## The problem
Starting at the line that contains "Women Fashion Print" and ending at the line that contains "L'uomo e l'universo", the lines below are to be given again exactly, with nothing added.

#### Stored data ####

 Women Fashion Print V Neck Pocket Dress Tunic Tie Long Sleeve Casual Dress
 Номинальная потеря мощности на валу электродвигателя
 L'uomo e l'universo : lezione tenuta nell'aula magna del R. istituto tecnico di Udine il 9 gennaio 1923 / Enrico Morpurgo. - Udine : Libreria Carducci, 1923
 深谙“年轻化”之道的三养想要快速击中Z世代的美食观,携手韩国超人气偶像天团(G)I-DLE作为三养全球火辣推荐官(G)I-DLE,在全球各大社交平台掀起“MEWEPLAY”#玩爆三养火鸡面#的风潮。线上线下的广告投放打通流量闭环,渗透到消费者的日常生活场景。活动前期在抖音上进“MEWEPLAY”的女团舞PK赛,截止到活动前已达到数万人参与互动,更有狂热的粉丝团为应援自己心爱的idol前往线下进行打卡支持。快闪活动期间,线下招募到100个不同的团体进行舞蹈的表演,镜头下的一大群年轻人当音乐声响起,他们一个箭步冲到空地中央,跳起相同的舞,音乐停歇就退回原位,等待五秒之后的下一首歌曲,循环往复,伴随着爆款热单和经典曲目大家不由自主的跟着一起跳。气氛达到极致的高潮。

####
#### Stored data ####

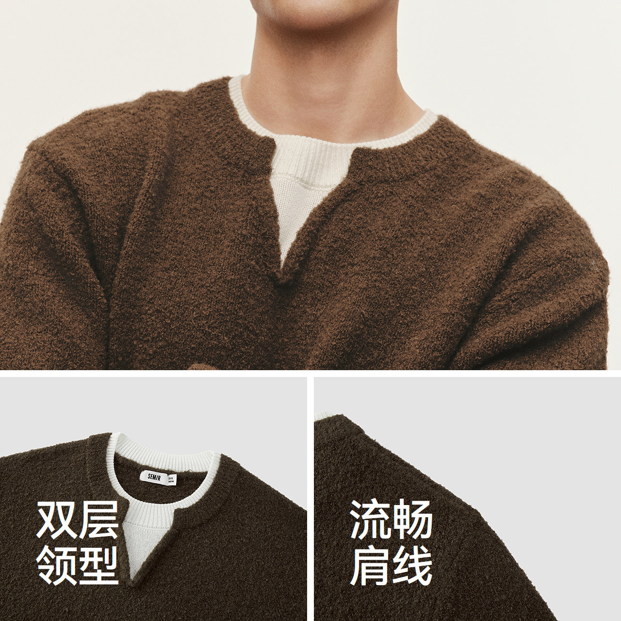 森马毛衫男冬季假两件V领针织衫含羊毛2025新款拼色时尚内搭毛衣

####

## Result for this task
 Women Fashion Print V Neck Pocket Dress Tunic Tie Long Sleeve Casual Dress
 Номинальная потеря мощности на валу электродвигателя
 L'uomo e l'universo : lezione tenuta nell'aula magna del R. istituto tecnico di Udine il 9 gennaio 1923 / Enrico Morpurgo. - Udine : Libreria Carducci, 1923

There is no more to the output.